**Source data:**
[Start of Attachment]

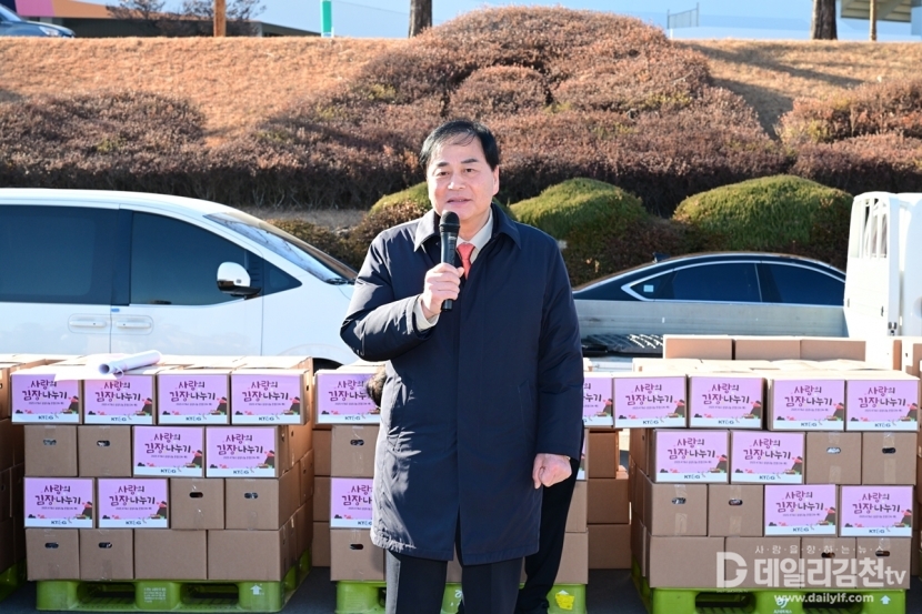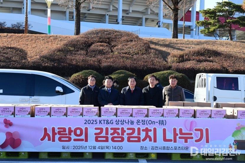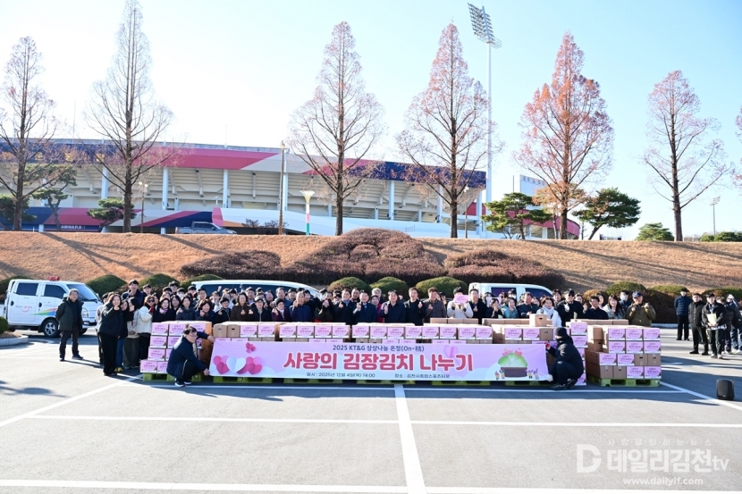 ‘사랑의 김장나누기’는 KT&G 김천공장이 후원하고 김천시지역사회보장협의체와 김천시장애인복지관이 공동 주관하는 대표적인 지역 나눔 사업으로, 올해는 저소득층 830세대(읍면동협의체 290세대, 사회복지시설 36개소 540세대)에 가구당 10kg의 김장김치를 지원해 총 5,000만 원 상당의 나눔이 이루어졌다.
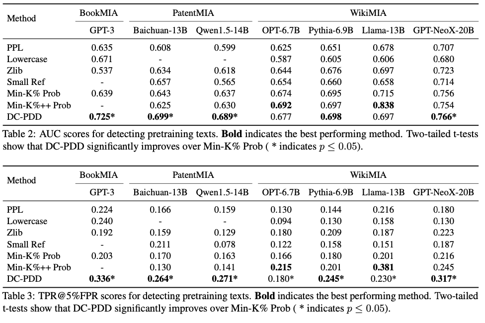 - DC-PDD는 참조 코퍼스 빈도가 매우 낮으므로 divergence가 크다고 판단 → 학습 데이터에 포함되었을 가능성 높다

[End of Attachment]
[Start of Attachment]

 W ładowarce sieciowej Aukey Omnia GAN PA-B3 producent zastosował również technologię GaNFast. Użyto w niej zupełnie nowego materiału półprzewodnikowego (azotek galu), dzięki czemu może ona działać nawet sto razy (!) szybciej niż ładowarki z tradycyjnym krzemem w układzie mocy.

[End of Attachment]

**Your task:** Transcribe the listing above exactly, but only from the line with "상당의 나눔이 이루어졌다." through the line with "- DC-PDD는 참조". Include both of those lines and omit the pictures.

**Output:**
 ‘사랑의 김장나누기’는 KT&G 김천공장이 후원하고 김천시지역사회보장협의체와 김천시장애인복지관이 공동 주관하는 대표적인 지역 나눔 사업으로, 올해는 저소득층 830세대(읍면동협의체 290세대, 사회복지시설 36개소 540세대)에 가구당 10kg의 김장김치를 지원해 총 5,000만 원 상당의 나눔이 이루어졌다.
 - DC-PDD는 참조 코퍼스 빈도가 매우 낮으므로 divergence가 크다고 판단 → 학습 데이터에 포함되었을 가능성 높다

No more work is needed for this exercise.